“It’s so funny because we said that, and it’s really the truth, but I feel like it definitely sounds like we’re crazy,” Herris adds with a laugh.
For Herries, his preparation was about “connecting” with Elwood. He discovered that his entry point was “the love he grew up with, which informed everything about him – all the things you like that make him a great kid.” Meanwhile, Wilson pointed to one line in Ross and Jocelyn Barnes’ screenplay in which Turner says he knew his mother loved him: “She liked liquor better.”
“At the same time he expresses his loneliness and abandonment, but he still remembers some love in those moments,” Wilson explains. “He kind of revealed his pain.”
Despite the difficulty of the material, the group was full of joy. The counselor was present during some of the most intense scenes of violence, but was also available on the colder days. “She was always there to talk and hang out,” Herries says. “You can feel it with everyone on set, so I think that’s how we manage to get through it even though what we’re dealing with is very sensitive.”
But the experience of watching the finished film was very different from the experience of filming it for both men. Only then did the weight of what they had accomplished sink in.

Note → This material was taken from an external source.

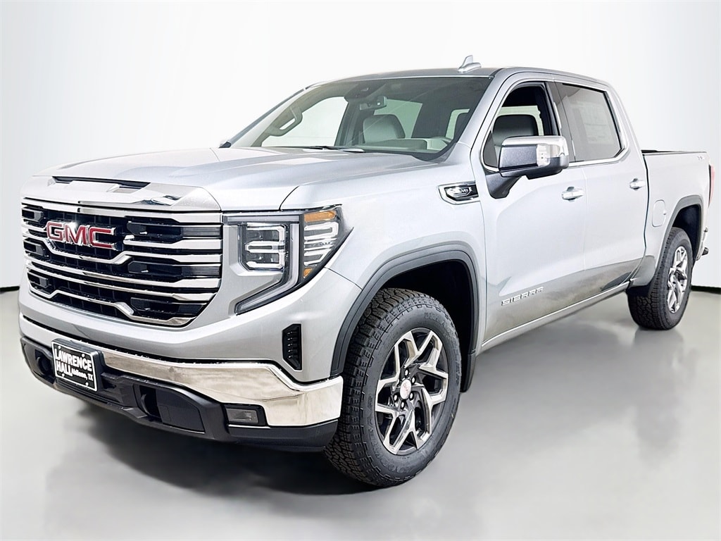 This 2026 GMC Sierra 1500 SLT New Vehicle Purchase in Sterling Metallic comes with the following features: 10-Speed Automatic, 4WD, Dark Walnut/Slate Leather, 10-Way Power Driver Seat Adjuster w/Lumbar, 10-Way Power Passenger Seat Adjuster w/Lumbar, 120-Volt Bed Mounted Power Outlet, 120-Volt Interior Power Outlet, 170 Amp Alternator, 2 Charge/Data USB Ports, 2 Type-C Charge-Only Rear USB Ports, 3.23 Rear Axle Ratio, 4-Wheel Disc Brakes, 6 Speakers, 6-Speaker Audio System Feature, ABS brakes, Air Conditioning, Alloy wheels, AM/FM radio: SiriusXM with 360L, Apple CarPlay/Android Auto, Auto High-beam Headlights, Auto-dimming door mirrors, Auto-dimming Rear-View mirror, Auto-Locking Rear Differential, Automatic Emergency Braking, Automatic temperature control, Auxiliary External Transmission Oil Cooler, Brake assist, Buckle to Drive, Bumpers: chrome, Chrome Header & Chrome Grille Insert Bars, Color-Keyed Carpeting Floor Covering, Compass, Deep-Tinted Glass, Delay-off headlights, Driver door bin, Driver Memory, Driver vanity mirror, Dual front impact airbags, Dual front side impact airbags, Electric Rear-Window Defogger, Electronic Stability Control, Emergency communication system: OnStar, Following Distance Indicator, Forward Collision Alert, Front 40/20/40 Split-Bench Seat, Front anti-roll bar, Front Center Armrest w/Storage, Front dual zone A/C, Front fog lights, Front Frame-Mounted Black Recovery Hooks, Front Pedestrian Braking, Front Rain-Sensing Wipers, Front reading lights, Front wheel independent suspension, Fully automatic headlights, HD Rear Vision Camera, Heated door mirrors, Heated Driver & Front Outboard Passenger Seating, Heated front seats, Heated steering wheel, Hitch Guidance, Illuminated entry, Integrated Trailer Brake Controller, IntelliBeam Automatic High Beam On/Off, Keyless Open & Start, Lane Keep Assist w/Lane Departure Warning, LED Cargo Area Lighting, Low tire pressure warning, Manual Tilt-Wheel & Telescoping Steering Column, Memory seat, Navigation System, Occupant sensing airbag, OnStar Services Capable, Outside temperature display, Overhead airbag, Overhead console, Panic alarm, Passenger door bin, Passenger vanity mirror, Perf Leather-Appointed Front Outboard Seat Trim, Perimeter Lighting, Power Door Locks, Power door mirrors, Power driver seat, Power Front Passenger Windows w/Express Up/Down, Power Front Windows w/Driver Express Up/Down, Power passenger seat, Power Rear Windows w/Express Down, Power steering, Power windows, Push Button Start, Radio data system, Radio: Premium GMC Infotainment Audio System, Rain sensing wipers, Rear reading lights, Rear seat center armrest, Rear step bumper, Rear Wheelhouse Liners, Rear window defroster, Remote keyless entry, Remote Vehicle Starter System, Security system, SiriusXM w/360L Trial Subscription, Speed control, Speed-sensing steering, Split folding rear seat, Standard Suspension Package, Steering Wheel Audio Controls, Steering wheel mounted audio controls, Tachometer, Telescoping steering wheel, Theft Deterrent System (Unauthorized Entry), Tilt steering wheel, Traction control, Trailering Package, Trip computer, Variably intermittent wipers, Voltmeter, Wheels: 18" x 8.5" 6-Spoke Machined Aluminum, Wi-Fi Hotspot Capable, Wireless Apple CarPlay/Wireless Android Auto, 10-Speed Automatic, 4WD, Dark Walnut/Slate Leather.

Wilson saw that Nickel Boys For the first time alone in the screening room. It was physically exhausting and emotionally overwhelming.
“There’s something about the first viewing, I felt so tired afterward, but I think that’s because of the experience of the film, and not in a bad way at all,” he says. “I didn’t expect to be affected this way. Ethan and I talk about this, like, lower stomach — for some reason, our hands go there when we talk about that experience.”
Heres, even though he wasn’t alone, felt the same.
“I didn’t know myself when I saw myself on screen,” he recalls. “That call didn’t happen.” He couldn’t see Wilson either. When the credits finally rolled, he returned to his body.
“Suddenly, when I realized I had just seen our names, I started crying because that was the moment I realised, Oh, that was our movie. This is what we did. That was us“.